-------- INFORMATION GIVEN
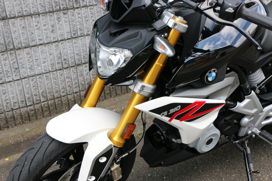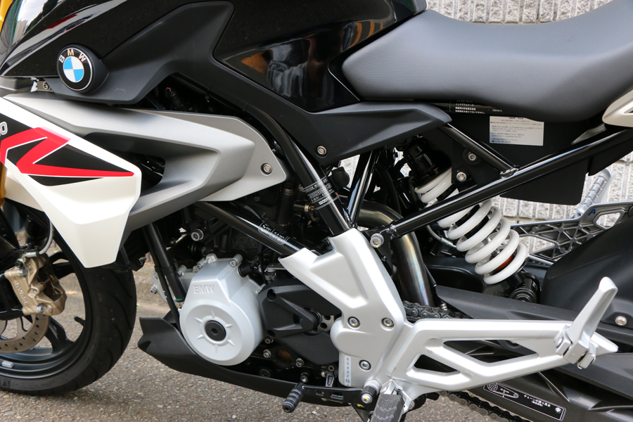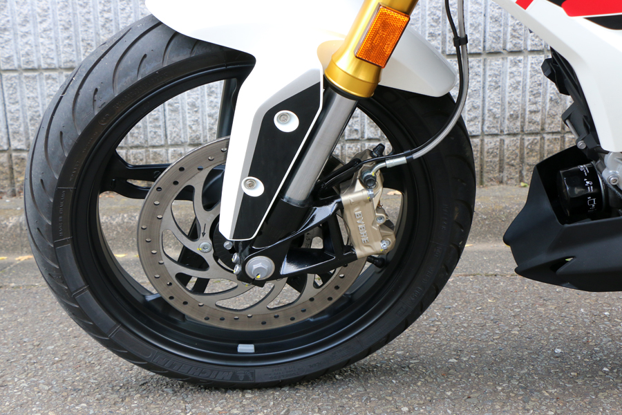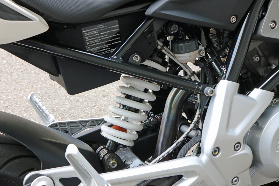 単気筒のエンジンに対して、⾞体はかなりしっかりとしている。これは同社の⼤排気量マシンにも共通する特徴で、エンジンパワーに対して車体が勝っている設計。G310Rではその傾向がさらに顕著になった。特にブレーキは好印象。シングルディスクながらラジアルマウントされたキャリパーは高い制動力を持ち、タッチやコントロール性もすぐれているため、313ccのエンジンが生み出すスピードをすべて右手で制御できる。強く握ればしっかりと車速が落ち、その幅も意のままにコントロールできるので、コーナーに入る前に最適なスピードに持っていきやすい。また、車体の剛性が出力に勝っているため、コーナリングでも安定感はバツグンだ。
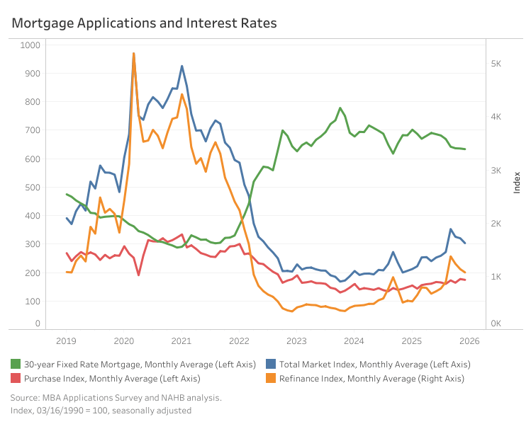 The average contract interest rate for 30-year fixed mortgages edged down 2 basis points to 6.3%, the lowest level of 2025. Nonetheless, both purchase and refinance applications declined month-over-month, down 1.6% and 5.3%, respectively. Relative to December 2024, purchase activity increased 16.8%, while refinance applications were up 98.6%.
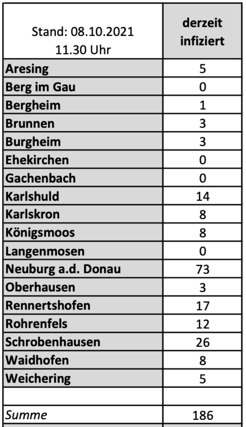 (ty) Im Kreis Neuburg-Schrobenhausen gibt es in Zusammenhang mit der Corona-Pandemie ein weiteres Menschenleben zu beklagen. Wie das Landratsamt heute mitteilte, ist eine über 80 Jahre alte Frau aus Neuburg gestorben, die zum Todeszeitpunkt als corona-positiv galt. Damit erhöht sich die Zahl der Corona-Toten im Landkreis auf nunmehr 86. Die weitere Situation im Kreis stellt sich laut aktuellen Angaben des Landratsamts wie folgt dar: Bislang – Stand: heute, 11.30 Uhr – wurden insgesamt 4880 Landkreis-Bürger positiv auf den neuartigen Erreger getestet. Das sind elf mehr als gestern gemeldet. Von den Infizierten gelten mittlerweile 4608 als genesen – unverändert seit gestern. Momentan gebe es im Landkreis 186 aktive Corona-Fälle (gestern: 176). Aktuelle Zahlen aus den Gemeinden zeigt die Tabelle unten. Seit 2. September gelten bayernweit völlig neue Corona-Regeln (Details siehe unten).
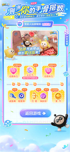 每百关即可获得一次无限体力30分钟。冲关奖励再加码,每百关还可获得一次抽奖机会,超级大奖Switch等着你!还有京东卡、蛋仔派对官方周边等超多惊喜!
----------------
-------- INFORMATION GIVEN
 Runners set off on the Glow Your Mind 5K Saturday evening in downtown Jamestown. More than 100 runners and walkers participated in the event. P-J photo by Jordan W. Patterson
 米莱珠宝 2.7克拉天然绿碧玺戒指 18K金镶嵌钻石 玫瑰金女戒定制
----------------
#### TASK STATEMENT:
Starting with the line that has "単気筒のエンジンに対して、⾞" and ending with the line that has "每百关即可获得一次无限体力3", repeat the lines above exactly, omitting every picture.

#### EXERCISE RESPONSE:
 単気筒のエンジンに対して、⾞体はかなりしっかりとしている。これは同社の⼤排気量マシンにも共通する特徴で、エンジンパワーに対して車体が勝っている設計。G310Rではその傾向がさらに顕著になった。特にブレーキは好印象。シングルディスクながらラジアルマウントされたキャリパーは高い制動力を持ち、タッチやコントロール性もすぐれているため、313ccのエンジンが生み出すスピードをすべて右手で制御できる。強く握ればしっかりと車速が落ち、その幅も意のままにコントロールできるので、コーナーに入る前に最適なスピードに持っていきやすい。また、車体の剛性が出力に勝っているため、コーナリングでも安定感はバツグンだ。
 The average contract interest rate for 30-year fixed mortgages edged down 2 basis points to 6.3%, the lowest level of 2025. Nonetheless, both purchase and refinance applications declined month-over-month, down 1.6% and 5.3%, respectively. Relative to December 2024, purchase activity increased 16.8%, while refinance applications were up 98.6%.
 (ty) Im Kreis Neuburg-Schrobenhausen gibt es in Zusammenhang mit der Corona-Pandemie ein weiteres Menschenleben zu beklagen. Wie das Landratsamt heute mitteilte, ist eine über 80 Jahre alte Frau aus Neuburg gestorben, die zum Todeszeitpunkt als corona-positiv galt. Damit erhöht sich die Zahl der Corona-Toten im Landkreis auf nunmehr 86. Die weitere Situation im Kreis stellt sich laut aktuellen Angaben des Landratsamts wie folgt dar: Bislang – Stand: heute, 11.30 Uhr – wurden insgesamt 4880 Landkreis-Bürger positiv auf den neuartigen Erreger getestet. Das sind elf mehr als gestern gemeldet. Von den Infizierten gelten mittlerweile 4608 als genesen – unverändert seit gestern. Momentan gebe es im Landkreis 186 aktive Corona-Fälle (gestern: 176). Aktuelle Zahlen aus den Gemeinden zeigt die Tabelle unten. Seit 2. September gelten bayernweit völlig neue Corona-Regeln (Details siehe unten).
 每百关即可获得一次无限体力30分钟。冲关奖励再加码,每百关还可获得一次抽奖机会,超级大奖Switch等着你!还有京东卡、蛋仔派对官方周边等超多惊喜!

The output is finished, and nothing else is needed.